The decision has come in view of a large number of crashes involving the Soviet-era origin fighter aircraft in which IAF has lost several of its pilots.
The IAF chief, Air Chief Marshal Norman Anil Kumar Browne, told reporters on the sidelines of a Confederation of Indian Industry (CII) event here that the trainee pilots presently undergoing flying training, will be the last batch of young pilots who will fly the MiG-21s.
“Their (trainee pilots) course finishes in December next year and thereafter, only experienced pilots would be flying the MiG-21s,” he said when asked about steps taken to reduce accident rate in the wake of two recent MiG-21 crashes that killed two IAF pilots.
Browne said the IAF had to take the decision to only let experienced pilots fly MiG-21s due to lack of enough aircraft for training in the previous years.
He said had the Hawk advanced jet trainers been procured earlier than it was done, the IAF could have completely done away with rookie pilots flying MiG-21s.

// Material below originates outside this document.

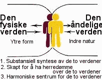 Mennesket består følgelig av et legeme som er begrenset og lever i nuet, og av et sinn som er ubegrenset og evig. Aktivitetsområdet for den begrensede kroppen er den synlige, substansielle verden. Det tilsvarende området for det ubegrensede, evige sinnet er den usynlige, substansielle verden. På samme måte som menneskets sinn er i handlingssubjekt- og årsaks-posisjon i forhold til kroppen, er den usynlige konkrete verden den motiverende verden i handlingssubjektposisjon overfor den synlige konkrete verden (Hebr 8,5).

“We have to do this (fly MiG-21s) because there is no other aircraft available (for training). If the Hawk had come two years before, as planned, the MiG-21s would have been kept for experienced pilots only,” he said.
IAF did not have a trainer aircraft between the HJT-16 Kirans and MiG-21s that rookie pilots could fly before they graduated to more sophisticated aircraft. That gap was filled with India buying the Hawk in 2004, with deliveries begining in early 2008.
The MiG-21s, which India bought in 1961 and has operated over 400 of them in its fleet for over 40 years, earned the sobriquet ‘flying coffins’ after IAF lost over 100 of these planes in crashes between 1993 and 2002.
India plans to retire the over 100 MiG-21s presently in its fleet by 2017.
The IAF chief was confident that the combat pilot training will get better once it gets the new basic trainers for which a contract is likely to be signed before October to begin induction of these planes from 2013.
“Training is a big concern for us. At the moment, we don’t have a basic trainer aircraft and the case is with the government.
“We hope to get it cleared so that at least we can sign the contract by October, and we get the new trainers by 2013 when we start the new (flying training) course,” he said.